= Information shown =
◆ ◆ ◆ ◆ ◆

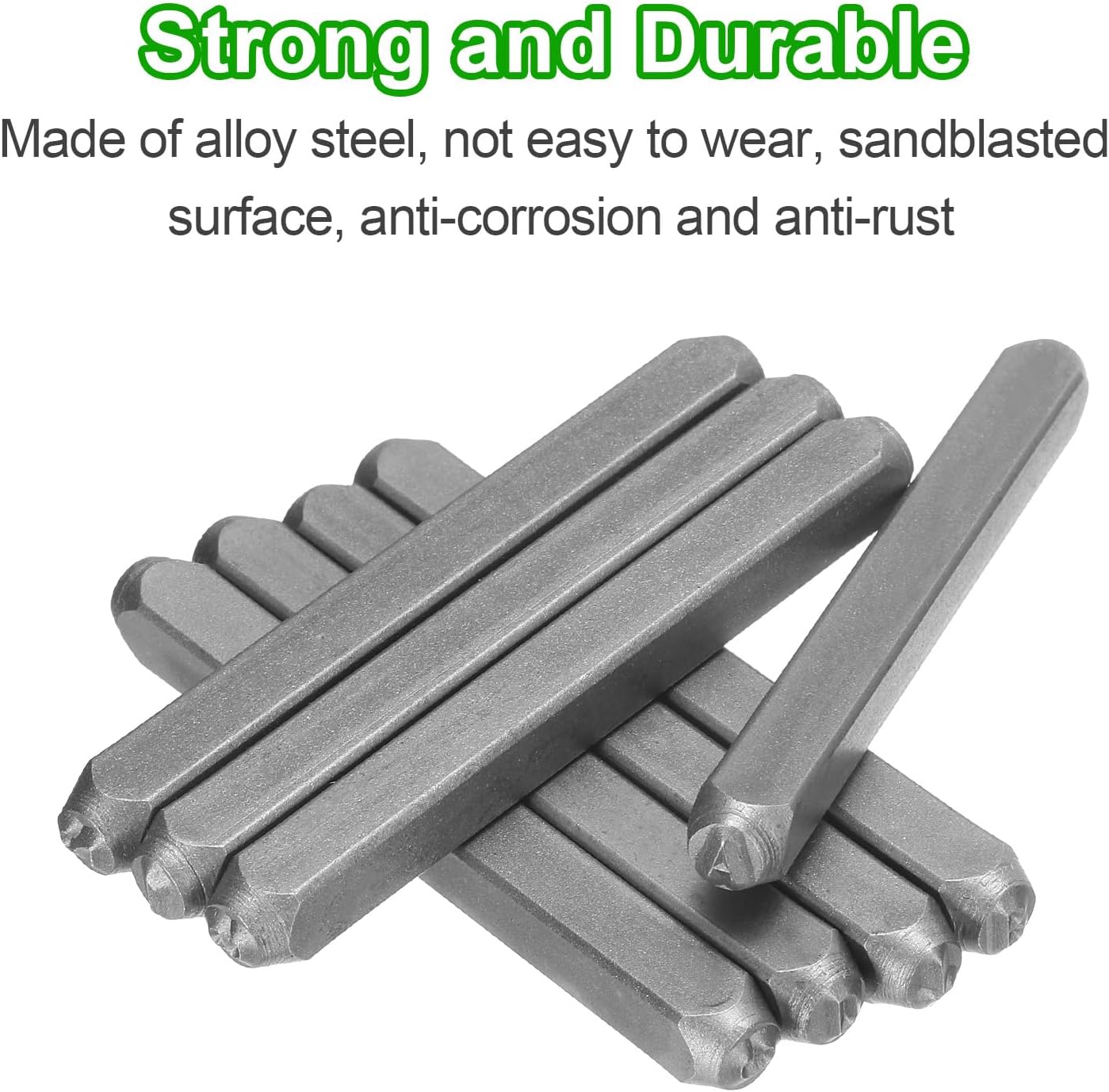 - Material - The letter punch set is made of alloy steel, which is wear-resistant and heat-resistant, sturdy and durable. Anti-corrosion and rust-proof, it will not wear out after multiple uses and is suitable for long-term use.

◆ ◆ ◆ ◆ ◆

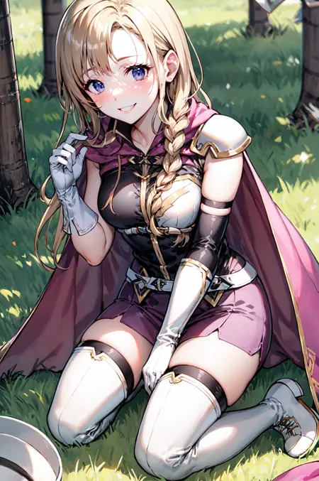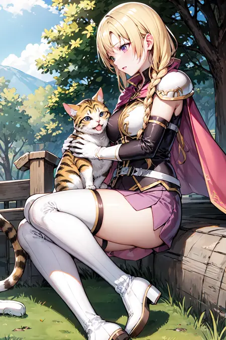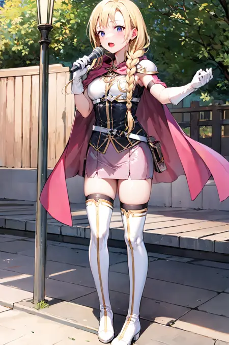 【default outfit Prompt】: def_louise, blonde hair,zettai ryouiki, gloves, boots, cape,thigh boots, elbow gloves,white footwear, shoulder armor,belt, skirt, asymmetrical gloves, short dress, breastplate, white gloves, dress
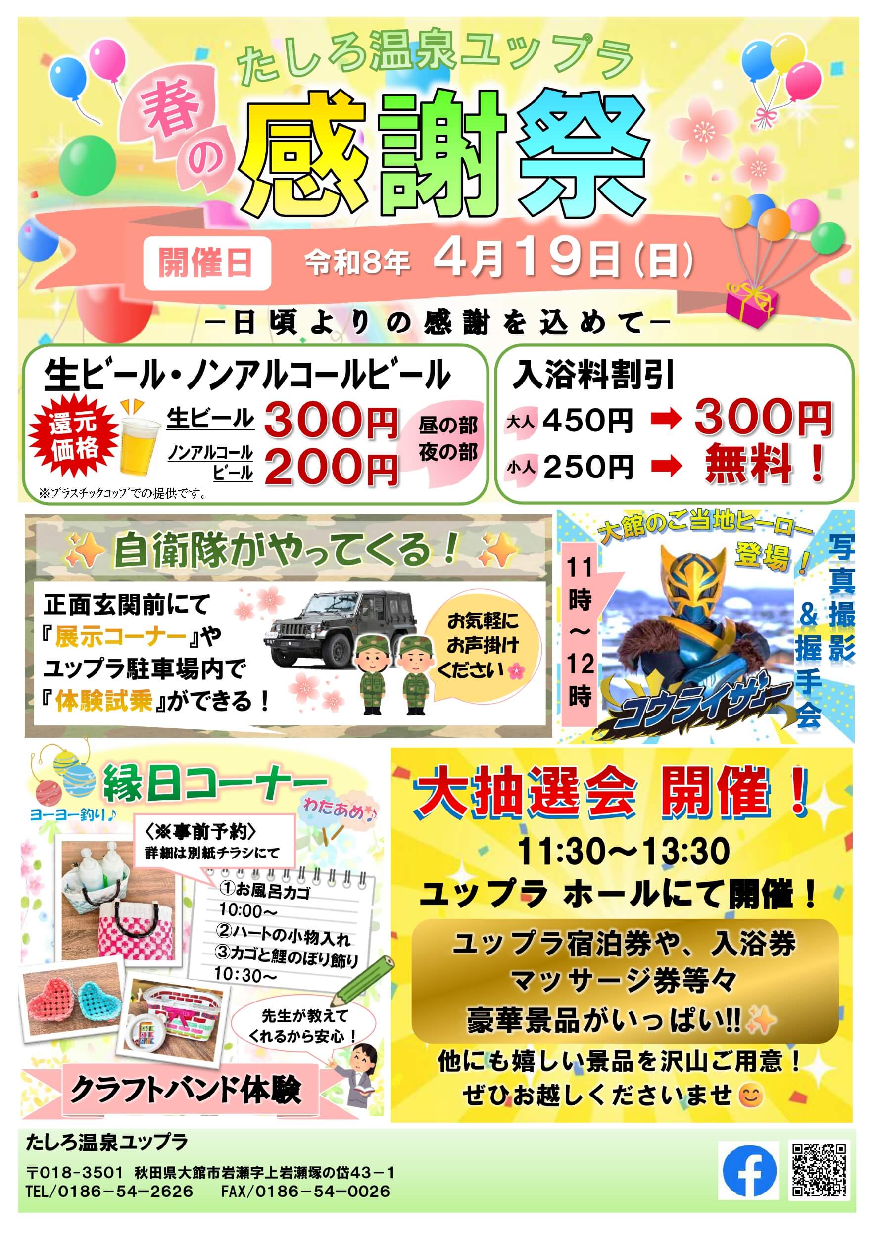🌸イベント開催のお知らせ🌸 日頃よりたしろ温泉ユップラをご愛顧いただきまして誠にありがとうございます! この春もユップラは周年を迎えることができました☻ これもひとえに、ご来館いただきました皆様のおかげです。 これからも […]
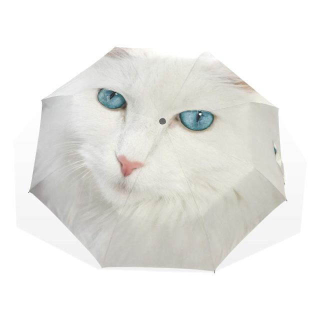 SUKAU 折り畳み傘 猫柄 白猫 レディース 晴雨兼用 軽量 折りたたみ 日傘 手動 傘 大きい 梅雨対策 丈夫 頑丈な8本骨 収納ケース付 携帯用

◆ ◆ ◆ ◆ ◆

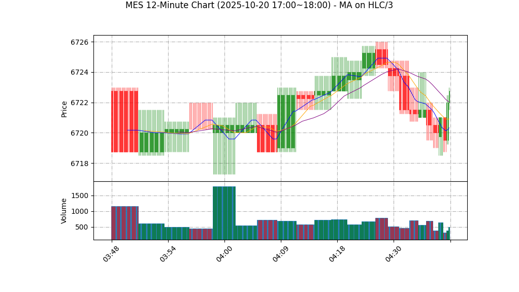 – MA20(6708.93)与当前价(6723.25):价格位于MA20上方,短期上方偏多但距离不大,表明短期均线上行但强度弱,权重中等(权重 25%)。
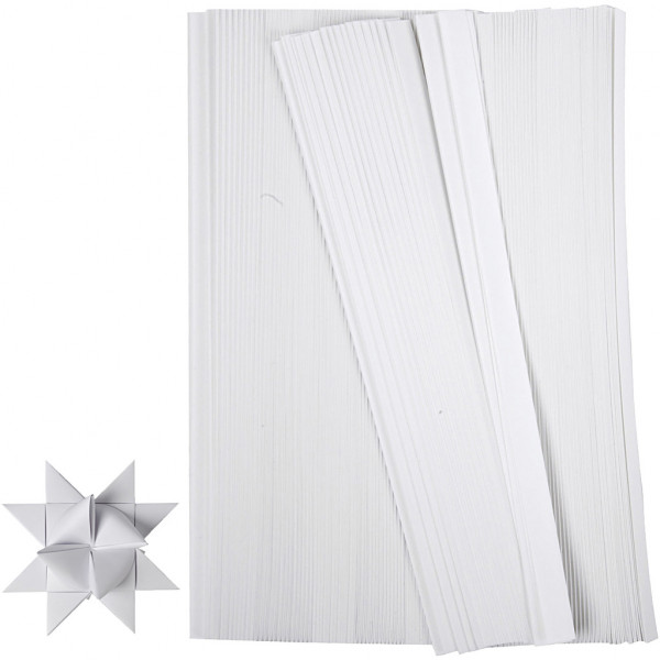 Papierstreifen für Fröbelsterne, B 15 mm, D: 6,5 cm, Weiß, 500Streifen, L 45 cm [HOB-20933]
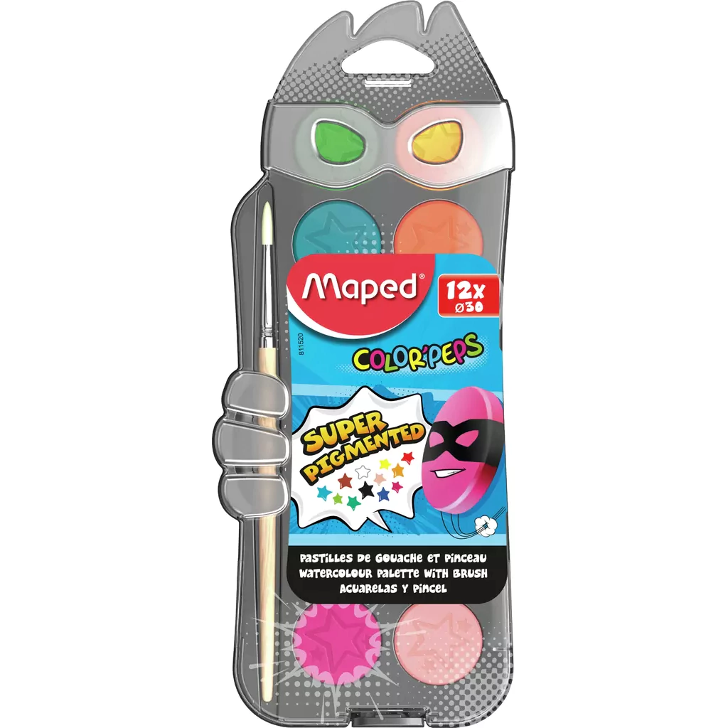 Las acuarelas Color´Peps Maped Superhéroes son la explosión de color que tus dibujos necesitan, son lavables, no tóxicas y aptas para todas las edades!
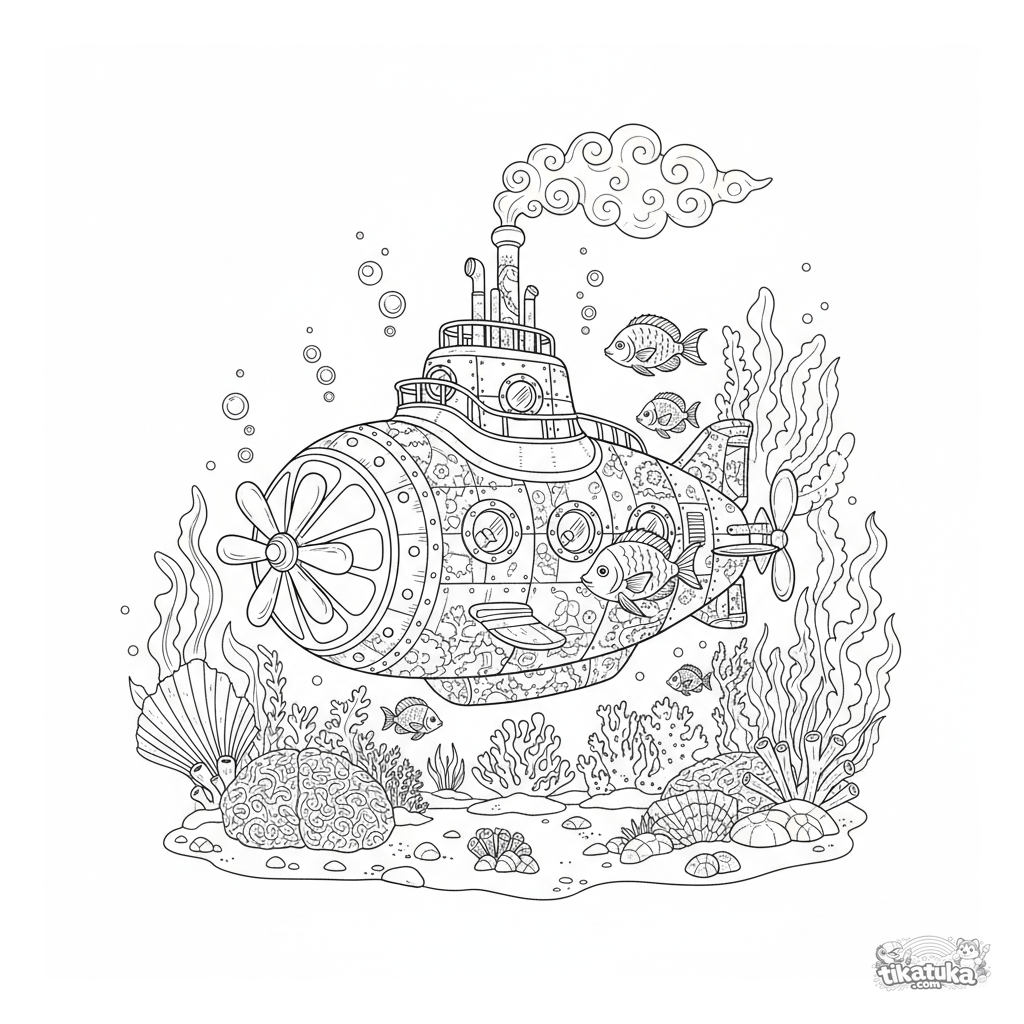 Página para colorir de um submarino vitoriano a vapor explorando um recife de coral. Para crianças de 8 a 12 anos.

◆ ◆ ◆ ◆ ◆

= Instructions to follow =
Each line above from the one containing "Papierstreifen für Fröbelsterne, B" through the one containing "Las acuarelas Color´Peps" is to be returned verbatim. Nothing else, and no pictures.

= Task result =
 Papierstreifen für Fröbelsterne, B 15 mm, D: 6,5 cm, Weiß, 500Streifen, L 45 cm [HOB-20933]
 Las acuarelas Color´Peps Maped Superhéroes son la explosión de color que tus dibujos necesitan, son lavables, no tóxicas y aptas para todas las edades!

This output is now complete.